- [WHAT IS BEING ASKED]
Repeat the listing below exactly from the line with "清灰釉青花(huā)龍鳳牡丹紋雙獅耳瓶" through its last line. Skip every picture.

- [SUPPLIED DATA]
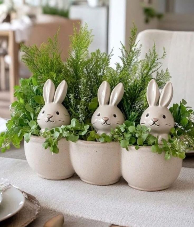 Adding whimsical charm, tiny bunny figurines tucked into fresh greenery or moss instantly signal Easter cheer. Mix ceramic, wooden, or felted bunnies of varying sizes to keep the display dynamic. Surround them with miniature eggs or pastel florals to create a miniature spring scene. The key is scale; small enough to feel delicate, but grouped to make an impact. Placing this centerpiece slightly off-center or along a runner encourages interaction, inviting guests to admire each detail closely. This playful approach transforms your table into a miniature holiday landscape that delights both kids and adults.
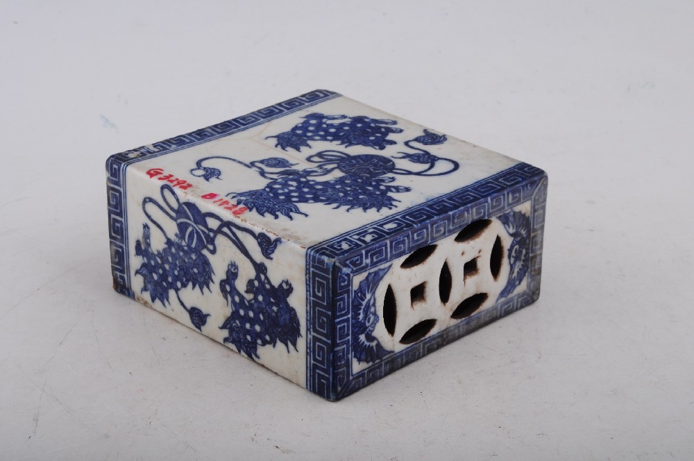清灰釉青花(huā)龍鳳牡丹紋雙獅耳瓶
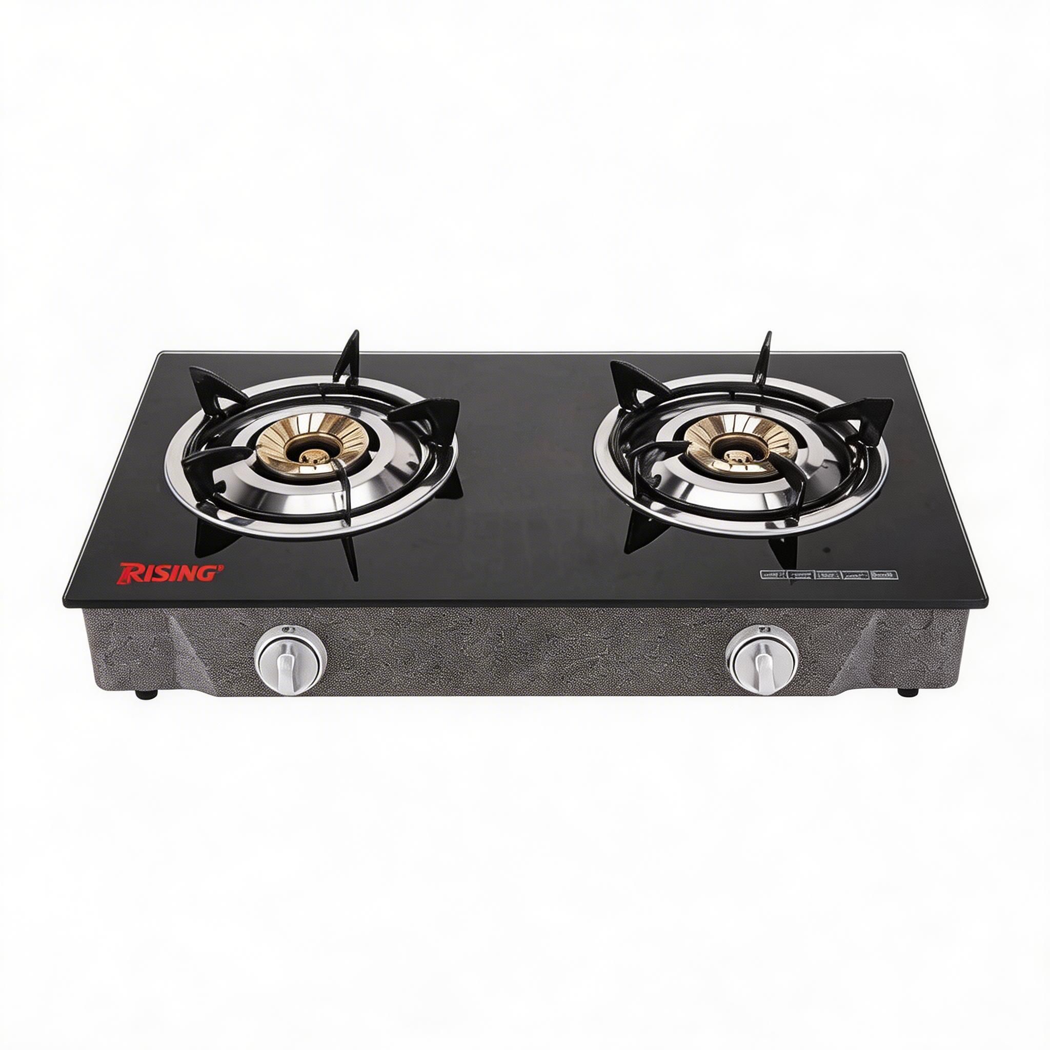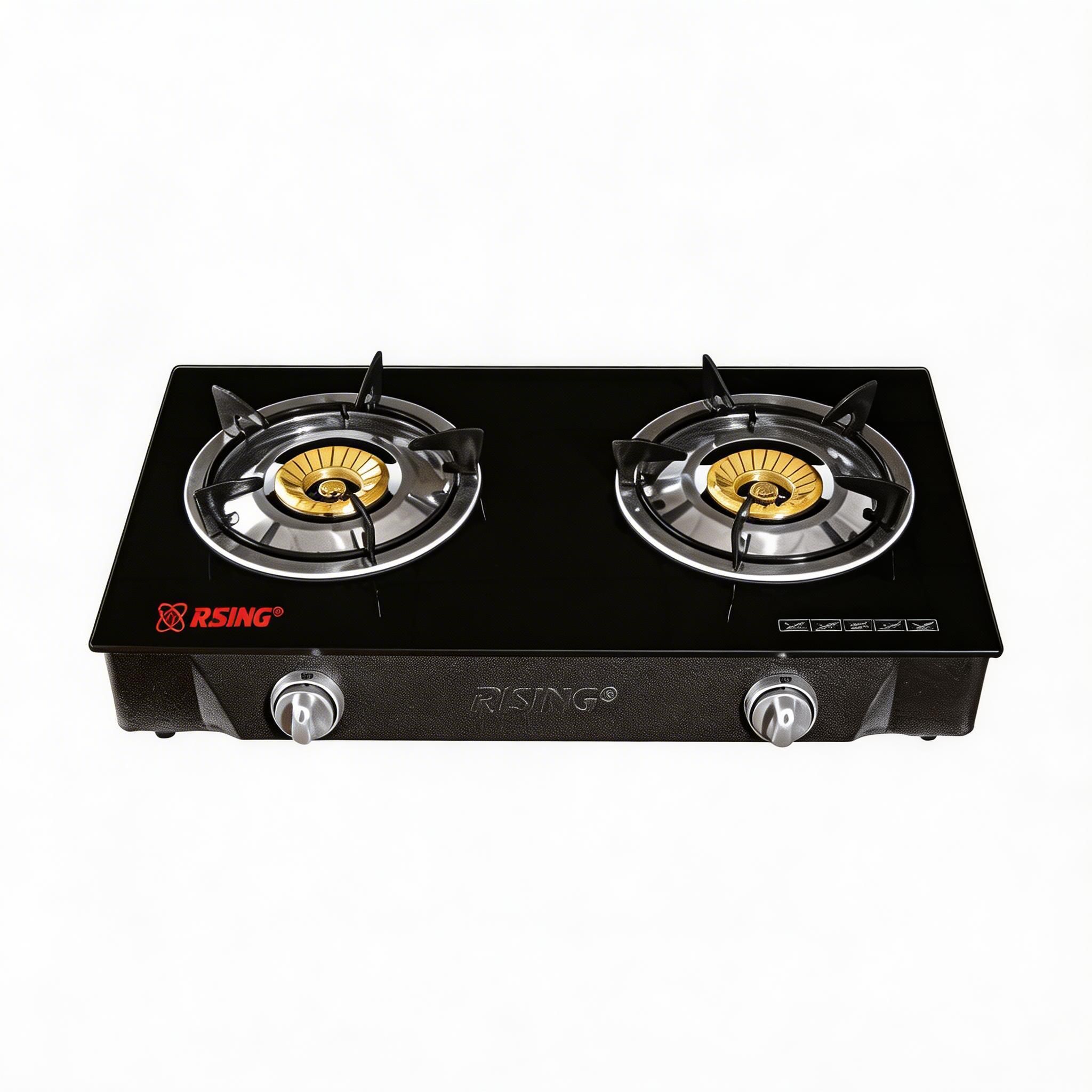 Maximize your kitchen efficiency with this double burner gas stove. The sleek glass top adds a modern touch to any kitchen while the cast iron honeycomb burner ensures even heat distribution.

- [TASK SOLUTION]
清灰釉青花(huā)龍鳳牡丹紋雙獅耳瓶
 Maximize your kitchen efficiency with this double burner gas stove. The sleek glass top adds a modern touch to any kitchen while the cast iron honeycomb burner ensures even heat distribution.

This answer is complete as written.